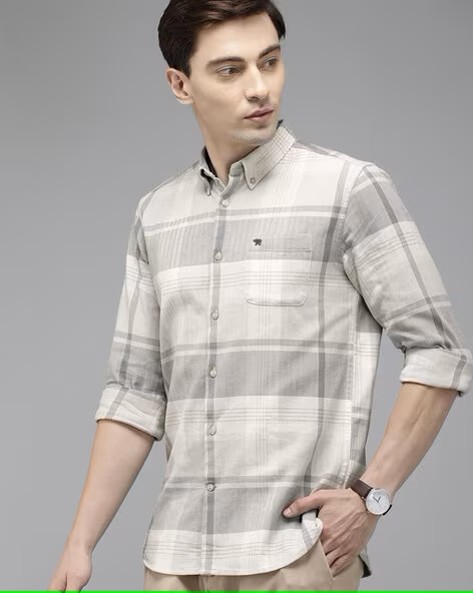 Men Checked Slim Fit Shirt with Patch Pocket
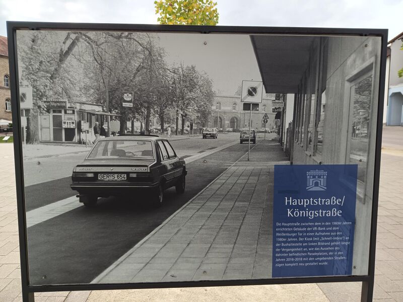 - Königstraße (Germersheim): Ansicht aus den 1980er Jahren. Im Hintergrund das Weißenburger Tor
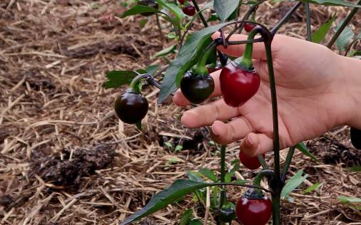 Die Sorten „Black Hungarian“ und „Rote Kirsch-Chili“ wurden 2009 gekreuzt, die Kreuzung wird seitdem selektiert. Die violetten Blüten und die Blätter ähneln „Black Hungarian“, die Samenzahl eher der der „Roten Kirsch-Chili“. Das gute Aroma beider Ausgangssorten ist erhalten geblieben. Die Chili "Black Heart" ist als Amateursorte registriert.
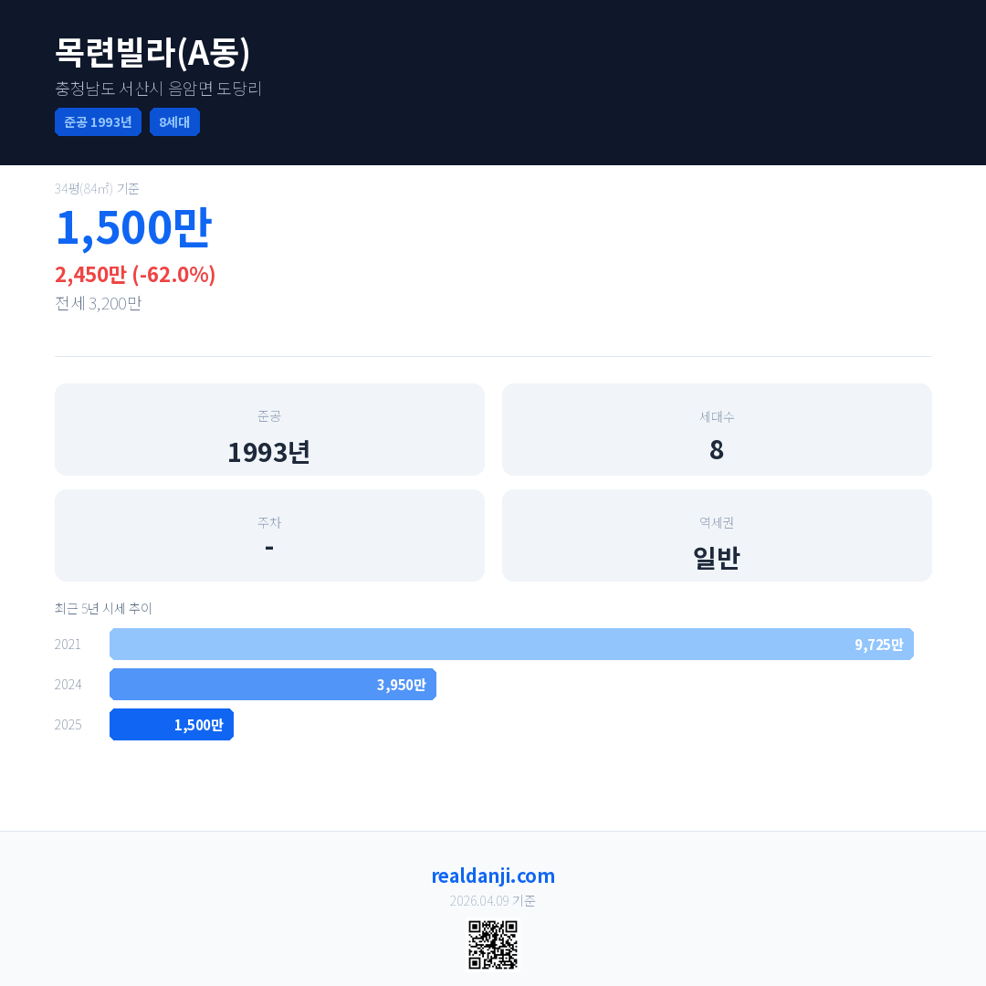 목련빌라(A동) 국민평형 기준 2025년 평균 거래가는 1,500만으로, 전년 대비 62.0% 하락 했습니다.

● ● ●

What you need to do: Write out exactly the lines from the line containing "- Königstraße (Germersheim): Ansicht" through the last line of the listing above, please, and leave out any pictures.

Task result:
 - Königstraße (Germersheim): Ansicht aus den 1980er Jahren. Im Hintergrund das Weißenburger Tor
 Die Sorten „Black Hungarian“ und „Rote Kirsch-Chili“ wurden 2009 gekreuzt, die Kreuzung wird seitdem selektiert. Die violetten Blüten und die Blätter ähneln „Black Hungarian“, die Samenzahl eher der der „Roten Kirsch-Chili“. Das gute Aroma beider Ausgangssorten ist erhalten geblieben. Die Chili "Black Heart" ist als Amateursorte registriert.
 목련빌라(A동) 국민평형 기준 2025년 평균 거래가는 1,500만으로, 전년 대비 62.0% 하락 했습니다.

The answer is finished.